Thursday, September 9, 2010

edited volumes

I noticed this rant, over at John Hawks' blog, about the difficulties in getting articles published in edited volumes. It prompted a rant of my own about the annoyances of being an editor of, and author in, edited volumes. Edited volumes take too much time to publish. I still have a very important article (to me) tied up in an edited volume, one of the first over-view articles of my on-going research project. The conference that forms the basis for the volume took place when my daughter (Little Boo) was seven weeks old. She started preschool yesterday, in the 4-year old class. In the time since that conference took place, I have held three different jobs, including finally landing a tenure-track position, produced another child (Boo too), and an edited volume of my own. For various personal and political reasons, it would be extremely hard to pull the article. So I wait.

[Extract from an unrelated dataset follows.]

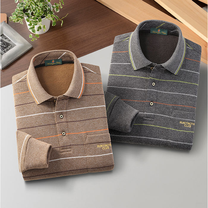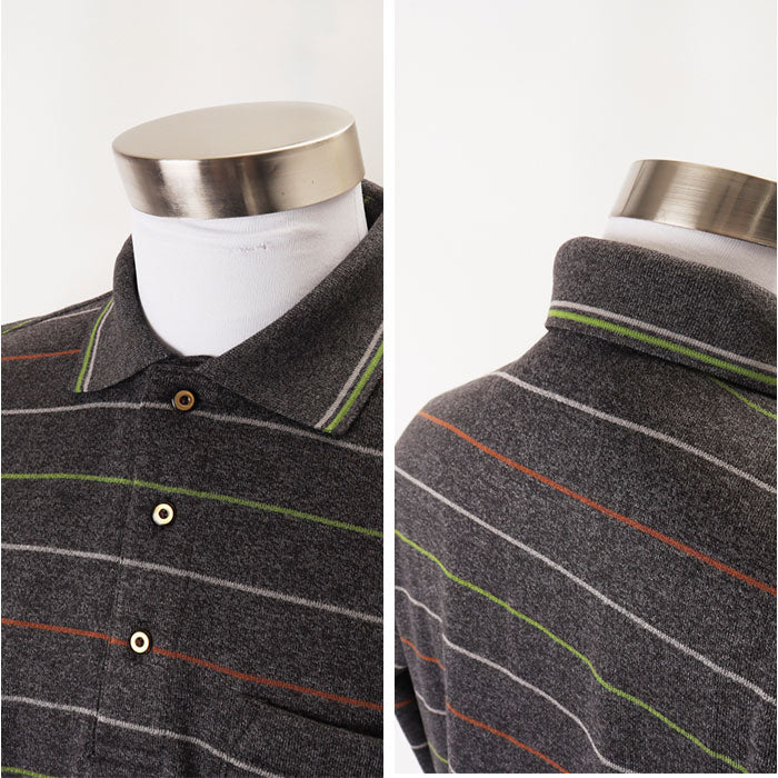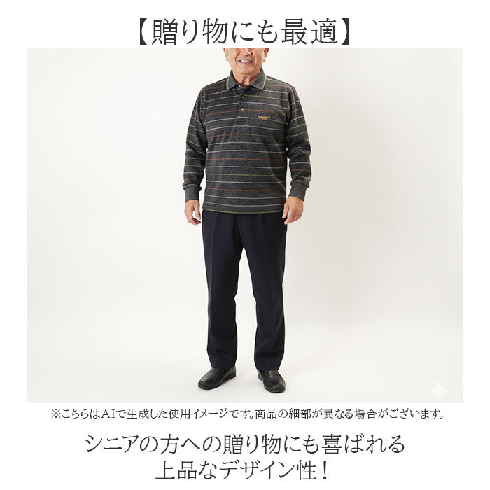 ・落ち着いたボーダー柄で品よく決まる長袖ポロシャツ。
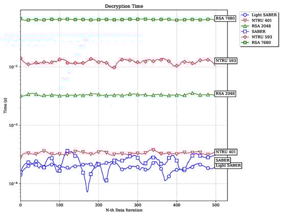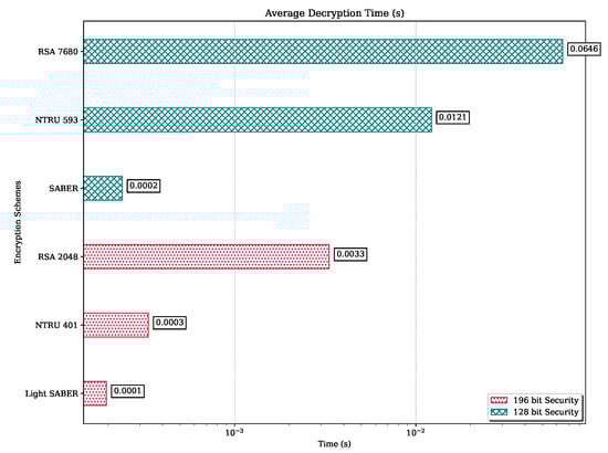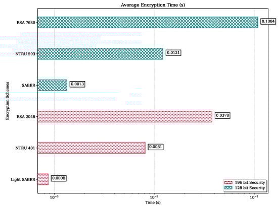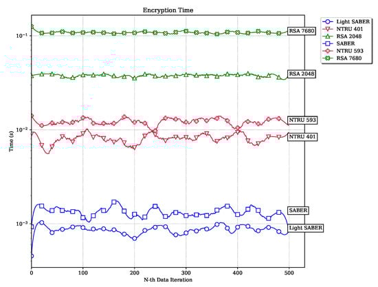 This research customized and adopted the RSA-2048, RSA-7680 [45], NTRU-401, NTRU-593 [46], SABER [47], and Light SABER [48] standards. The NTRU and SABER encryption systems with these standards have a low computational load, but the encrypted character length is limited. The character length that can be encrypted in the NTRU and SABER encryption systems is only 16 bytes for the 128-bit security and 32 bytes for the 196-bit security.

The other problem with edited volumes is they take a huge amount of time for the editor, who isn't paid. Yes, I know that editing a journal also takes a huge amount of time, but often there is some kind of compensation, such as a teaching reduction. The editorship of a journal also brings with it significant professional exposure, etc. And, frankly, journals are usually edited by senior professors who may have better things to do with their lives, but aren't trying to get tenure and raise two kids under 4 while teaching 20 credits a year.

Don't get me wrong, I really am thrilled with my edited volume. I love the articles and I think it is a great book. I learned a lot in the process. But there are some serious downsides to editing or publishing in an edited volume. Journal publications are both easier and get you greater exposure.